---------- Dataset entries

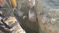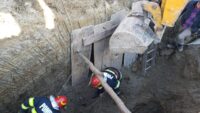 Se lucrează în continuare pentru degajarea bărbatului, în vârstă de 33 de ani. Aceasta este angajata unei societăți comerciale, care efectuează lucrări de canalizare.
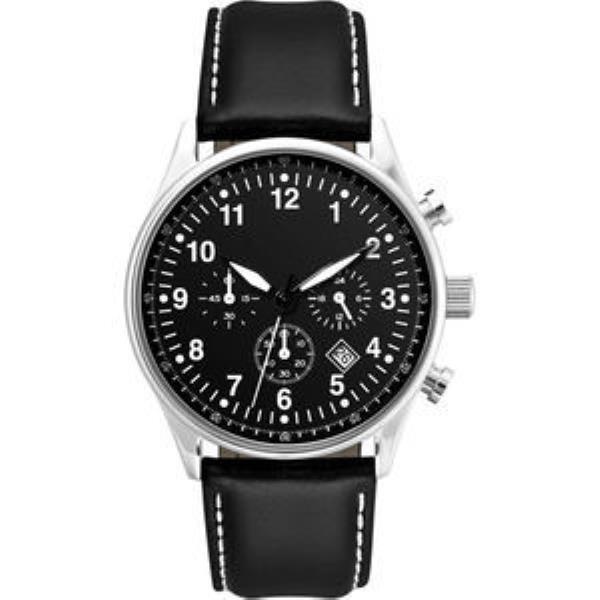 Pilot style chronograph watch with white luminous indexes. dome lens and matt black dial. Padded natural leather strap. Min. order 12.
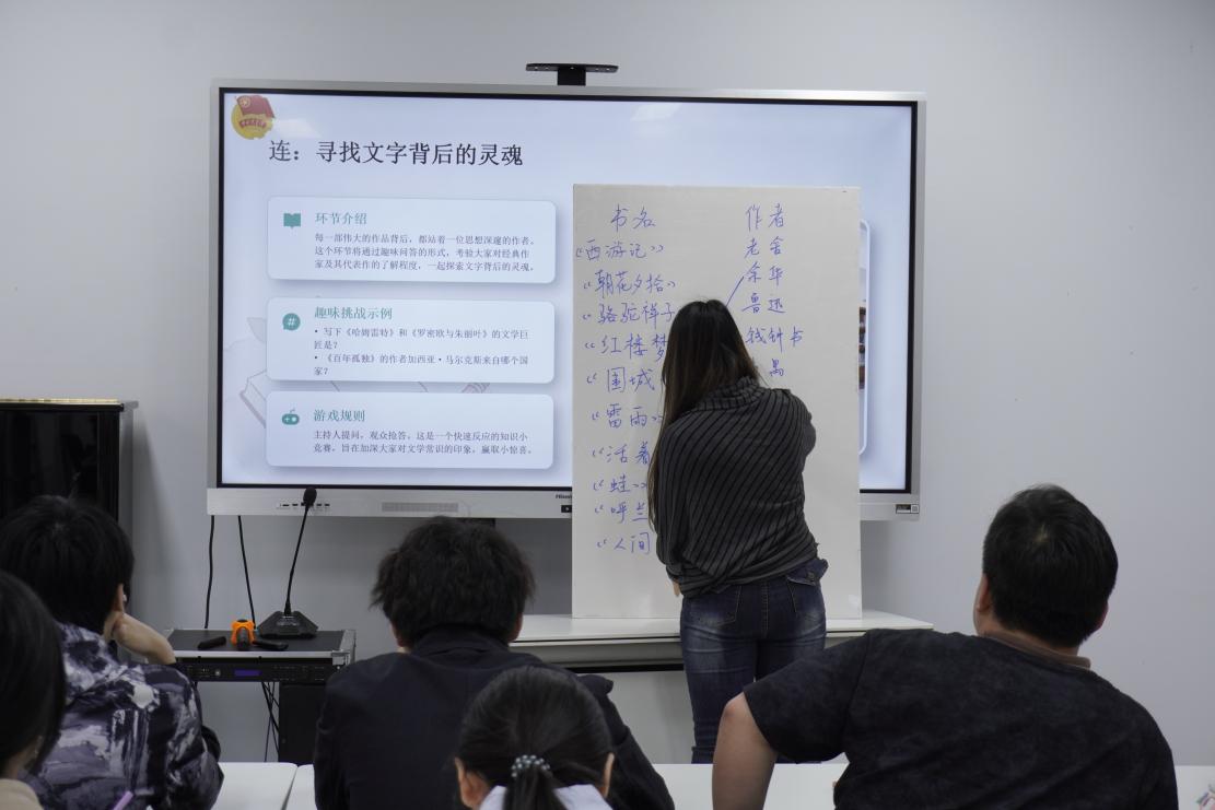 本次活动以“享、连、猜、留”四大趣味板块为载体,为同学们带来沉浸式阅读互动体验。在“享——好书安利会”环节,同学们依次登台分享喜爱的书籍,内容涵盖经典名著、散文随笔、青春文学与科幻作品等,大家用简洁真挚的语言分享阅读感悟,传递文字带来的温暖与力量,现场掌声不断;“连——书名作者连连看”环节,同学们在紧张而愉悦的氛围中默契配合、相互提醒,在轻松竞技中加深对经典著作的认识与记忆;“猜——emoji猜书名”环节创意十足,生动的表情符号谜题一经展示,大家便积极举手抢答,现场气氛热烈、欢声笑语不断,在趣味互动中感受阅读的独特魅力;“留——书言留声机”环节,同学们认真写下书中触动心灵的经典语句,粘贴至留言展板,一行行文字凝聚阅读力量,留存下温暖而美好的阅读瞬间。
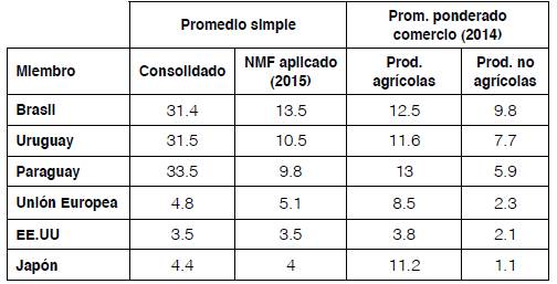 Cuadro 4: Aranceles consolidados y aplicados por los países del Mercosur (sin Argentina)14, EE.UU., U.E. y Japón
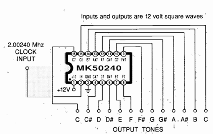 Encontramos este circuito para instrumentos musicales en la revista Radio Electronics de marzo de 1992. El circuito tiene salidas según la escala deseada a partir de un oscilador de cristal a la frecuencia indicada.
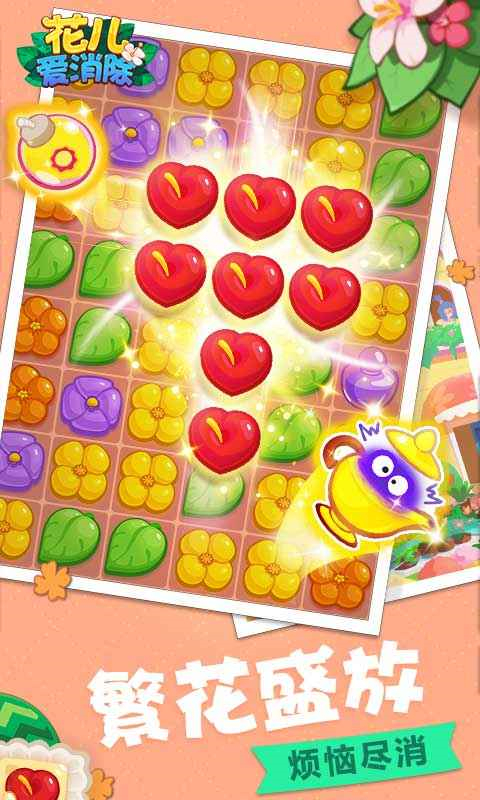 经营花店,田园牧歌 放下生活琐事,在这里开个花店,远离车水马龙,时间变得很慢,生活也变得很慢。你可以每天在花香和露水中醒来,从窗户里看到日出的第一缕光。 专属小岛,由你创造 想在庭前种上爬满屋檐的玫瑰,还是在大大落地窗的阳台上摆满向日葵,亦或按照彩虹的颜色搭一个花架,打造拥有独一无二美景的小岛,全凭你的喜好。 珍贵回忆,感人剧情 在这里有热情的朋友,温馨的故事,发生在你们身边的点点滴滴都是宝贵的回忆,婚礼,派对,篝火晚会,你们可以度过最美妙的夜晚 独特玩法,欲罢不能 全新的点击消除玩法,让你沉迷在花朵般绚丽的色彩中,配合道具和精妙的关卡设计,简直让人停不下来!花儿爱消除道具介绍
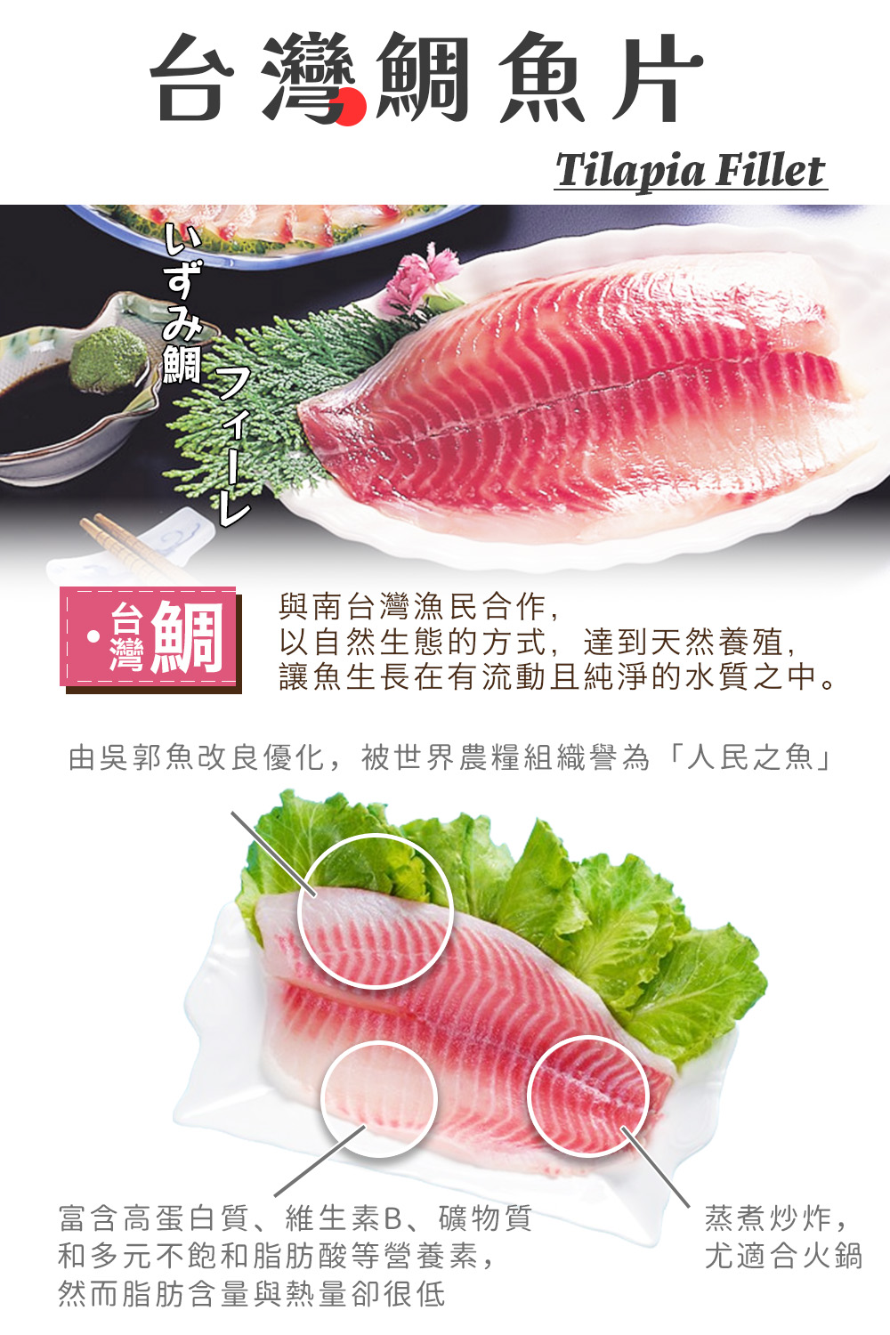 宏益冷凍|台灣鯛魚片1kg (140-200g/片 約5-6片) 🌊台灣在地🥣 蒸煮炒炸火鍋🔪去刺處理
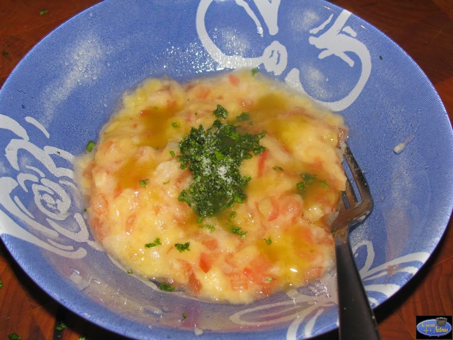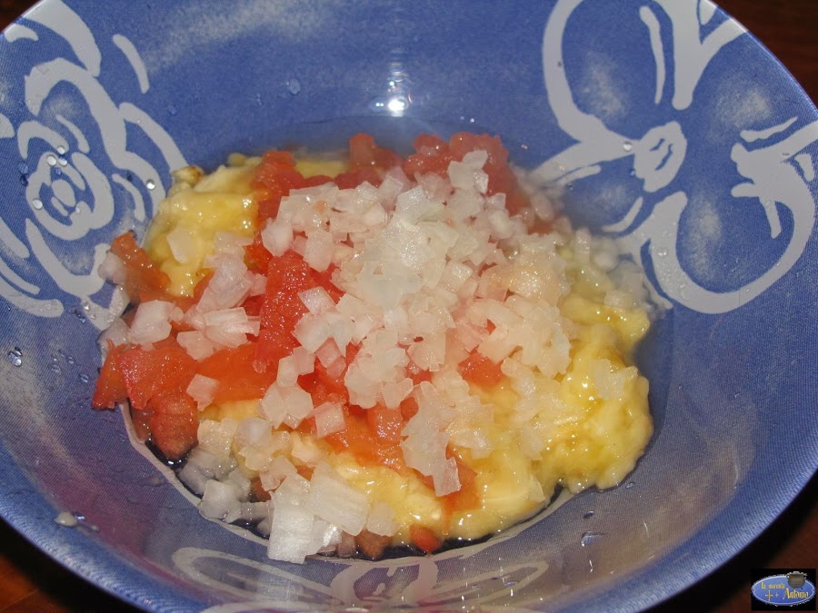 Procuraremos que el plátano no esté excesivamente maduro sino sería demasiado dulce.En bol machacamos con la ayuda de un tenedor el plátano y picamos muy fino el tomate pelado y sin semillas y la cebolleta.Le añadimos el zumo de 1/4 de limón.
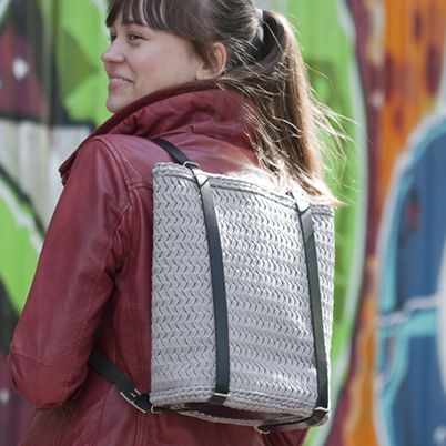 Muodikas Kontti-reppu syntyy pujottelemalla Lankavan Ministeri-ontelokudetta Stafil-muoviverkon ympärille.
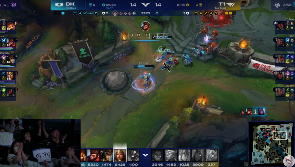 T1原本在第四局是可以结束这场Bo5的,他们的优势很大,打野Oner的亚恒前期5-0。但是没有控下小龙,以及打团时被蛇女牵制,还有最重要的是让Doran玩了一个不熟练的塞拉斯,最终导致他们被DK实现了让二追二。

--------------------

What to work on:
Write the full listing out again with every line unchanged, but include no pictures.

Task response:
 Se lucrează în continuare pentru degajarea bărbatului, în vârstă de 33 de ani. Aceasta este angajata unei societăți comerciale, care efectuează lucrări de canalizare.
 Pilot style chronograph watch with white luminous indexes. dome lens and matt black dial. Padded natural leather strap. Min. order 12.
 本次活动以“享、连、猜、留”四大趣味板块为载体,为同学们带来沉浸式阅读互动体验。在“享——好书安利会”环节,同学们依次登台分享喜爱的书籍,内容涵盖经典名著、散文随笔、青春文学与科幻作品等,大家用简洁真挚的语言分享阅读感悟,传递文字带来的温暖与力量,现场掌声不断;“连——书名作者连连看”环节,同学们在紧张而愉悦的氛围中默契配合、相互提醒,在轻松竞技中加深对经典著作的认识与记忆;“猜——emoji猜书名”环节创意十足,生动的表情符号谜题一经展示,大家便积极举手抢答,现场气氛热烈、欢声笑语不断,在趣味互动中感受阅读的独特魅力;“留——书言留声机”环节,同学们认真写下书中触动心灵的经典语句,粘贴至留言展板,一行行文字凝聚阅读力量,留存下温暖而美好的阅读瞬间。
 Cuadro 4: Aranceles consolidados y aplicados por los países del Mercosur (sin Argentina)14, EE.UU., U.E. y Japón
 Encontramos este circuito para instrumentos musicales en la revista Radio Electronics de marzo de 1992. El circuito tiene salidas según la escala deseada a partir de un oscilador de cristal a la frecuencia indicada.
 经营花店,田园牧歌 放下生活琐事,在这里开个花店,远离车水马龙,时间变得很慢,生活也变得很慢。你可以每天在花香和露水中醒来,从窗户里看到日出的第一缕光。 专属小岛,由你创造 想在庭前种上爬满屋檐的玫瑰,还是在大大落地窗的阳台上摆满向日葵,亦或按照彩虹的颜色搭一个花架,打造拥有独一无二美景的小岛,全凭你的喜好。 珍贵回忆,感人剧情 在这里有热情的朋友,温馨的故事,发生在你们身边的点点滴滴都是宝贵的回忆,婚礼,派对,篝火晚会,你们可以度过最美妙的夜晚 独特玩法,欲罢不能 全新的点击消除玩法,让你沉迷在花朵般绚丽的色彩中,配合道具和精妙的关卡设计,简直让人停不下来!花儿爱消除道具介绍
 宏益冷凍|台灣鯛魚片1kg (140-200g/片 約5-6片) 🌊台灣在地🥣 蒸煮炒炸火鍋🔪去刺處理
 Procuraremos que el plátano no esté excesivamente maduro sino sería demasiado dulce.En bol machacamos con la ayuda de un tenedor el plátano y picamos muy fino el tomate pelado y sin semillas y la cebolleta.Le añadimos el zumo de 1/4 de limón.
 Muodikas Kontti-reppu syntyy pujottelemalla Lankavan Ministeri-ontelokudetta Stafil-muoviverkon ympärille.
 T1原本在第四局是可以结束这场Bo5的,他们的优势很大,打野Oner的亚恒前期5-0。但是没有控下小龙,以及打团时被蛇女牵制,还有最重要的是让Doran玩了一个不熟练的塞拉斯,最终导致他们被DK实现了让二追二。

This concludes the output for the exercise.